What Storm is:
If you only use a word to describe storm, it could be this: distributed real-time computing systems. Storm's sense of real-time computing, according to storm authors, is similar to the meaning of Hadoop for batching. We all know that Hadoop, based on Google MapReduce, provides us with a map, the reduce primitive, which makes our batch process very simple and graceful. Storm is a real-time, distributed, and highly fault-tolerant computing system compared to the batch processing of Hadoop. Like Hadoop, Storm can handle large volumes of data, but storm can make processing more real-time with high reliability, which means that all information is processed.
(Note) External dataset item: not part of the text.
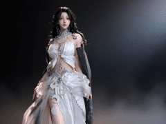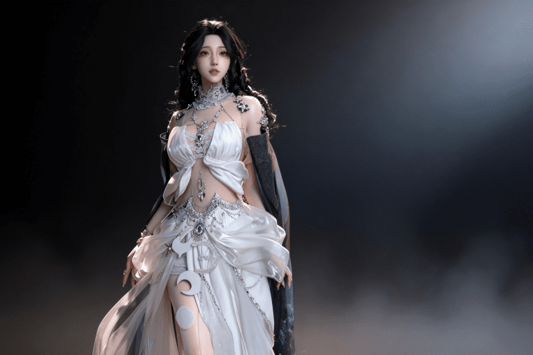 一位年轻亚洲女性,全身像,动漫转贞本义行风格,拥有精致立体的五官,真人比例身材,人物形象参考图2,皮肤白皙细腻,质感通透,朦胧的光照,整体妆容精致自然,背景为深色渐变,突出人物主体,光线柔和朦胧,呈现出专业摄影的质感,画面清晰,细节丰富,具有3D渲染的精致效果。

Storm can scale to large batches of data on different machines, and he has other features as well.
Storm's architecture:
Storm's cluster consists of a master node and multiple working nodes. The master node runs a daemon called "Nimbus", which is used to assign code, lay out tasks, and detect faults. Each work node runs a daemon called "Supervisor", which listens for work, starts and terminates the worker process. Both Nimbus and supervisor can fail quickly and are stateless, so they become very robust, and the coordination of the two works is done by zookeeper. The zookeeper is used to manage different components in the cluster. ZEROMQ is the internal messaging system, and JZMQ is the Java Binding for ZEROMQ. There is a subproject named Storm-deploy that can deploy a storm cluster on AWS with a single key.
Storm Advantage:
A. A simple programming model. Similar to mapreduce reduces the complexity of parallel batching, storm reduces the complexity of real-time processing.
B. Service, a service framework that supports hot deployment, instant on-line or offline apps.
C. You can use a variety of programming languages. You can use a variety of programming languages on top of storm. Clojure, Java, Ruby, and Python are supported by default. To increase support for other languages, you only need to implement a simple storm communication protocol.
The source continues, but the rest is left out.